2013年5月10日金曜日

専門演習紹介:西川和明ゼミ・”スーパーチェーン”株式会社いちいを訪問

※後援会報 第45号(2013.1/25発行)転載記事

増川 大輔(西川和明ゼミ生)

9月13日、福島大学経済経営学類西川ゼミはスーパーチェーン・株式会社いちいさんの本社を訪問して伊藤信弘社長にお会いし、その後、放射能測定室と店舗を見学させていただきました。

今回の訪問目的は、昨年3月の原子力発電所事故の影響で福島県産農産物が風評被害にさらされて来ている中で、いちいさんは一早く農産物の放射線検査を実施し、その値を店頭とホームページで公表するなど正確な情報を消費者に提供することで政府の基準に合致した安全な農産物を販売していることをアピールする対策を展開して来ており、そのことを社長にお聞きするためです。この訪問には福島県中小企業団体中央会さんがご協力くださいました。

同社は地域密着型のスーパーとして、福島県の中通り、特に福島市を中心に14店舗を展開しています。今後は県南地方にも展開していく予定だということです。明治25年、海産物商として創業しました。
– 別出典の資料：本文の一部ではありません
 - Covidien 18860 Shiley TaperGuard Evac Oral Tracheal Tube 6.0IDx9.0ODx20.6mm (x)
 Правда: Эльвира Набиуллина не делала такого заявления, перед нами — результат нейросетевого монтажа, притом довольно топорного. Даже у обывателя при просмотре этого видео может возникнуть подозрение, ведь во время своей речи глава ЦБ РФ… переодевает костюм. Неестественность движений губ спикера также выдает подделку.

今ではスーパーマーケット事業だけでなくペット事業(ペッツマム)モスバーガーのフランチャイズ店も出しています。

福島県産品の放射能測定を県内でいち早く実施したのがいちいさんですが、当初は情報が不足しており測定器選び、実施する場所、検査方法など独自に調べながらの挑戦でした。また、他の企業がまだ実施していない中で先駆けて実施することに、社内でもかなりもめたとのことです。しかし、消費者の安心・安全のために実施することに踏み切りました。

測定器は当初何を選んで良いのかが分からず、社長の知り合いの方のつながりで鉛の厚さが5cmもある良いものを選ぶことが出来たとのことです(FNF401)。鉛が厚く、空間線量が低いほど正確な測定値取ることが出来るそうです。
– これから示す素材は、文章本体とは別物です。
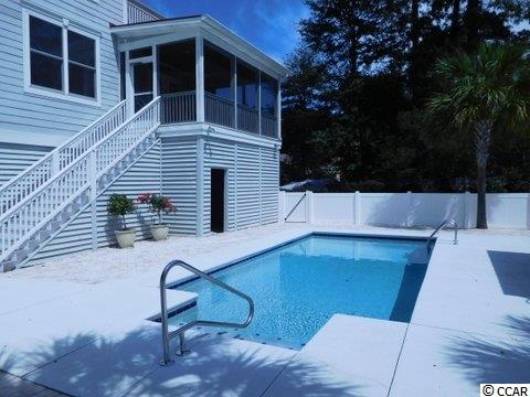 Southern living at its best can be found in this home situated on 1/2 acre lot overlooking the Founders Club golf course. The lower lever features a three bay garage with larger workshop area and plenty of storage and two climate controlled rooms which can be 4th & 5th bedrooms, den, craft rooms, etc, along with a half bath. An elevator will whisk you up to the heart of the quality built home. Here you will find an open floorplan with living room, Carolina room, kitchen, dining area, and 2 screened porches, all of which overlook the pool and golf course. There are also two bedrooms, both with private baths. The master bedroom and bath with dual shower heads and its own water heater occupy the upper floor along with a private sundeck. The saltwater pool is surrounded by stone decking. There are 3 heating and cooling zones and the 2-story tall living area has remote controlled blinds. There is so much to this home that you have to see it to appreciate. the square footage is approximate and not guaranteed. The buyer is responsible for verification.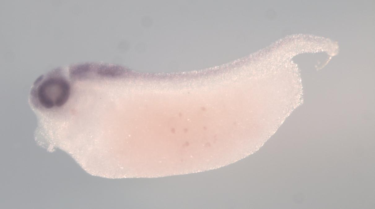 Larger Image fsd1l (fibronectin type III and SPRY domain containing 1-like) gene expression in X. laevis embryo, assayed via in situ hybridization, NF stage 33 & 34, lateral view, anterior left, dorsal up. Copyright © Perron Lab

検査場所についても外界の影響のなるべく小さいところということで窓のない台車洗浄室を改造して設置しました。方法についても、販売4日前に測定しその値の農産物を農家自らが販売するかどうかを決めることにし測定を開始しました。公表後は震災前に比べて売り上げが回復、上昇し、最初は公表を渋っていた農家の方々も同意してくれるようになりました。この測定結果はホームページ上だけでなく店舗にも冊子を置いており実際に手に取ってみることが出来ます。

また契約農家の方々との間では、基礎GAPと基礎カルテといって、土壌管理、実際の栽培と収穫・出荷のプロセスについて放射線対策も盛り込んで標準化した作業マニュアルづくりも進めてきました。これには福島大学も協力しています。基礎カルテは農業者の安全を確保することや消費者に安心を与えることが出来ます。また、ほ場、水、たい肥、土壌、収穫野菜、の放射能を測定し、それをシートに記入することで放射能の 推移も見ることが可能となります。信頼回復のためにはこのようなチェックを継続して行うこと、そして公表することが重要であるというポリシーのもとで進められています。「数値の変動も見られるので将来に繋がる」、「自信を持って商品を販売できる」、と農家の方々も前向きだそうです。
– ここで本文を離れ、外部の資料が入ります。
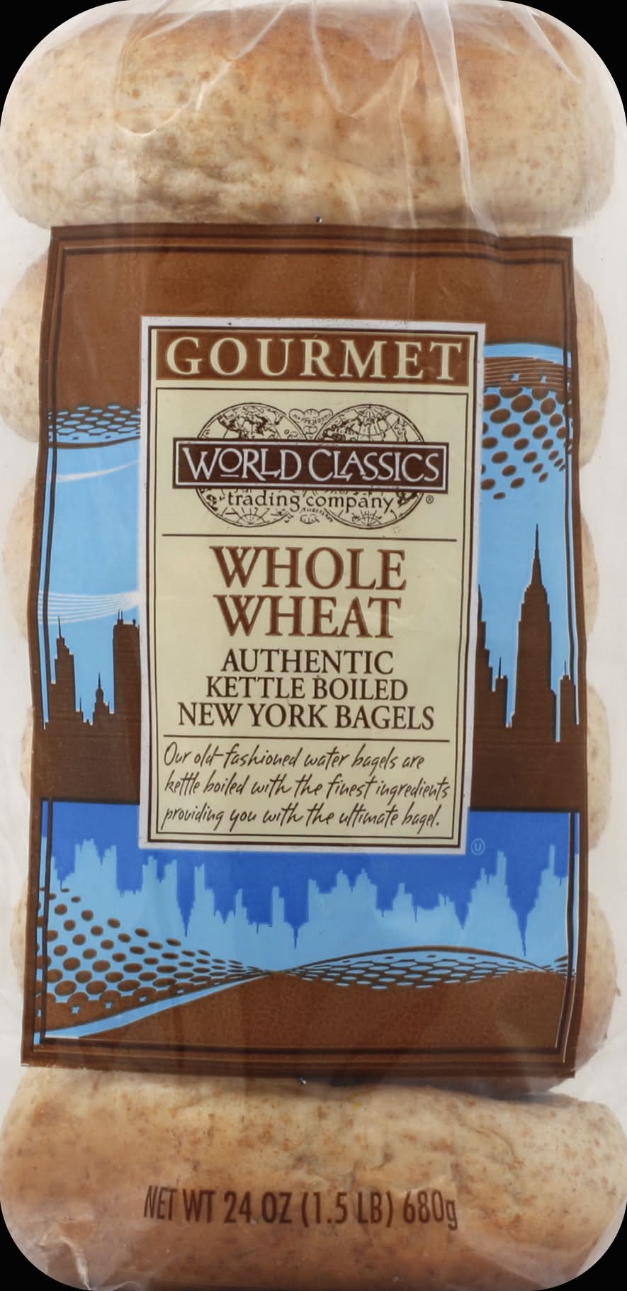 World Classics Authentic Kettle Boiled New York Bagels, Whole Wheat (24 oz)

基礎GAPはより良い農業の実践・慣習のことです。まず、ほ場点検シートを使って準備、農薬管理、堆肥管理、衛生管理、放射性物質対策、作業者の安全、記録を作付け前に行います。次に品目別チェックします。準備、残留農薬防止、病原微生物汚染防止、異物混入防止、放射性物質対策、記録を出荷前に行います。これら二つのチェックを行い消費者である私たちに安心と安全を提供しています。

海産品の測定については漁獲された海域を明示して公表しています。これは水揚げ場所が北海道、青森などとなっていても漁獲海域が異なることがあるからです。太平洋側を6つの海域に分けて表記しています。

放射線測定機で測定するには、サンプルを細かくして容器に隙間なく入れなければなりません。フードプロセッサーを用いて固形物を砕くことがあるそうですが、昨年7月以来なので3代目のプロセッサーを使っていました。実際に見てみるとかなり手間のかかる作業であることが分かりました。

消費者である私たちの安全のために努力されていることが今回の訪問で深く感じることが出来ました。今現在では同社での福島県産品の売り上げは震災前よりも伸びており、県外からも励ましのメールが届いたり、わざわざ福島県産を買う方もいるとのことです。私たちも安全であればなるだけ県内産の食材を買うように心がけています。

会社を離れるとき、伊藤社長は温かい笑顔で送ってくださいました。ありがとうございました。